Unfamiliar Territory

So I woke up this morning in an unfamiliar bed. Whenever this happens, I have a backup plan.

  1. Feign sleep
  2. Count number of people in bed
  3. Determine gender of any people in bed
  4. Mentally replay events of previous evening
  5. Locate clothes and/or nearest exits
  6. Flee screaming
So this morning found me in a Marriot in Irvine, California. I felt kind of stupid when I realized I had fled naked and screaming from own hotel room, but it's better to be safe than sorry.

Penetrode, it turns out, had decided that sending me to Tokyo was a bad idea. My attempt to
prepare for the trip by learning useful phrases in Japanese had created tension. Our Japanese business partners were apparently unnerved when I opened our conference calls by shouting "None can defeat my rabid monkey style!"

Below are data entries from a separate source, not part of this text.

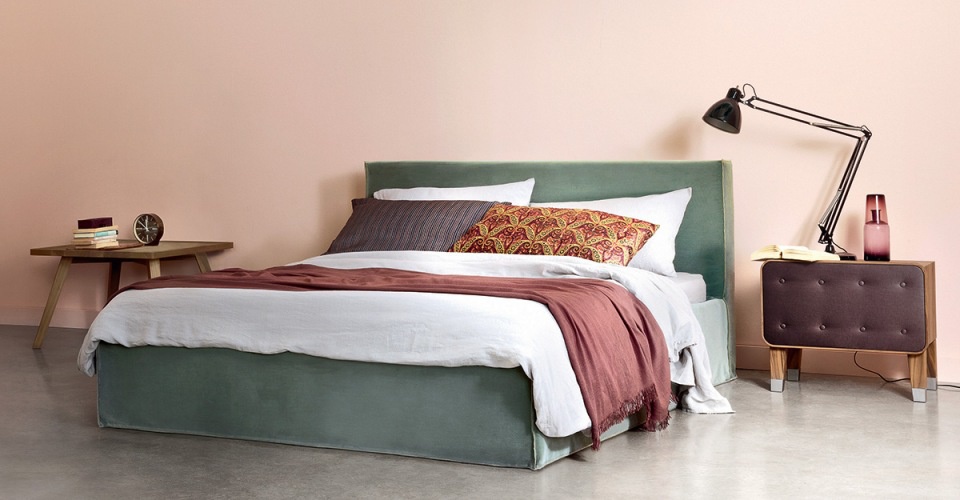 Double bed Brick 80 E, from Italian manufacturer Gervasoni. The frame is made of wood. Removable upholstery - textiles from the company portfolio. The model with upholstered headboard. Model for bedroom in a modern style. Colours in stock. The model is available for Matusow: 900x2000 mm, 1600h2000, 1800x2000 mm.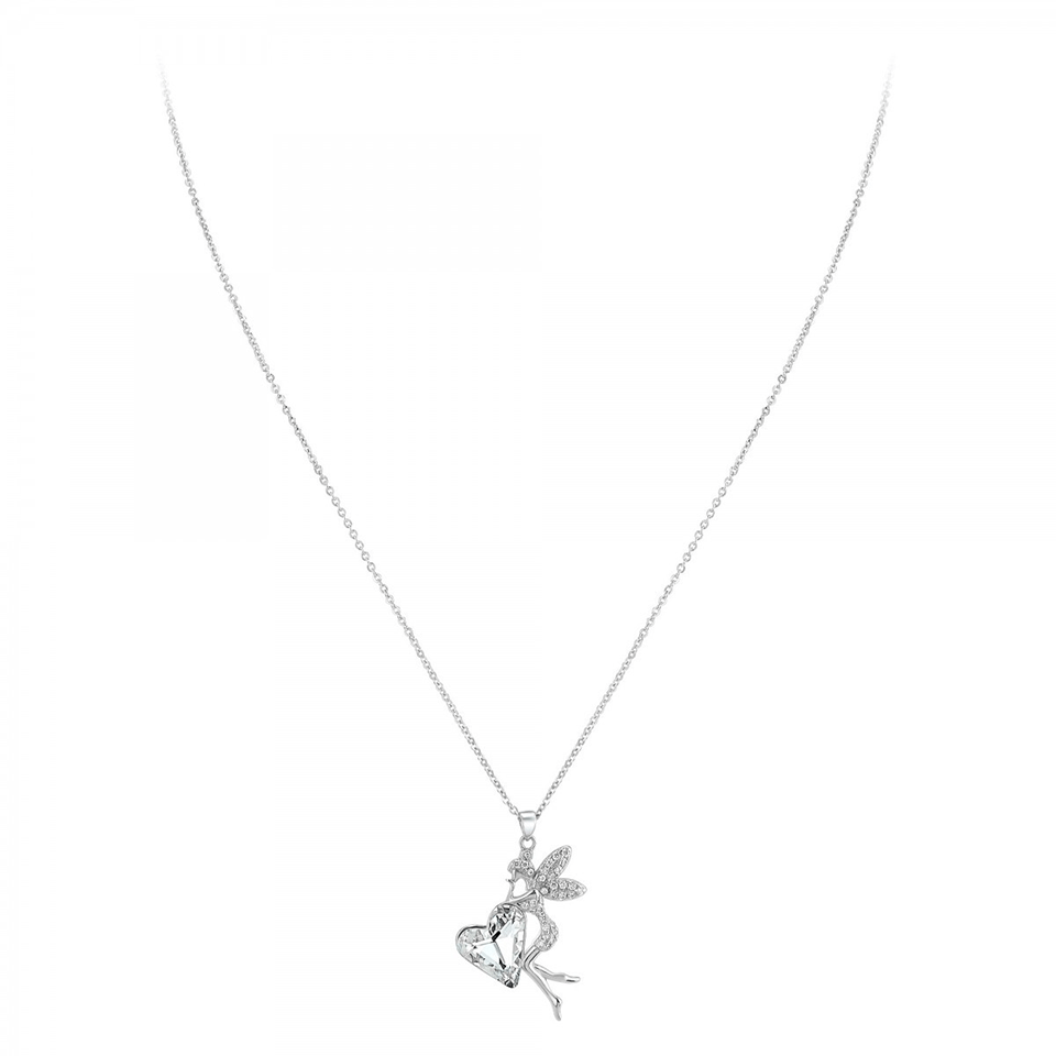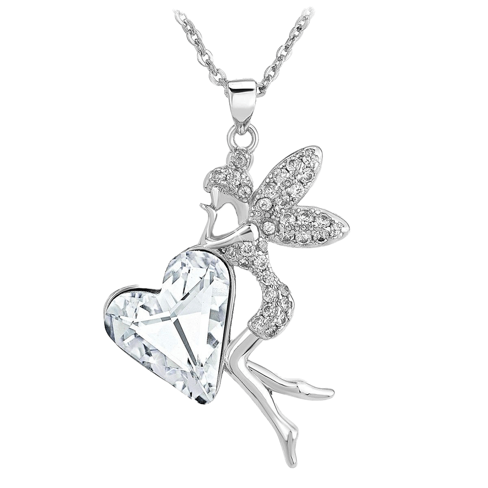 Son pendentif, mêlant une délicate silhouette de fée et un cœur lumineux, semble tout droit sorti d’un conte moderne.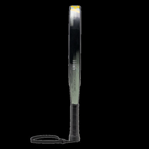 Ein Aushängeschild der Marke, hergestellt und designt in Spanien. Die Innovation liegt in der internen Luftkammer für einen verbesserten Ballrückprall. Gefertigt aus der klassischen 3K-Carbonfaser, die für hohen Komfort auf dem Platz sorgt, und einem mitteldichten schwarzen EVA-Gummi. Die tropfenförmige Form erhöht die Schlagkraft dank eines höheren Balancepunkts. Die raue, sandige Oberfläche maximiert den Spin.

So instead I got shipped to Irvine. I'll let you know how it goes.

LM

2 Comments:

Blogger Sara said...

Now you're on MY coast. Hah ha. Going to Japan is a bad idea anyways. You'd come home with SARS and the bird flu and the clap. For real.

9:11 PM  
Blogger Amandarama said...

I dunno. Going to Japan always means you have an opportunity to see fresh animae-space-tentacle-vampire porn. I think you need to have a discussion with Penetrode HR again.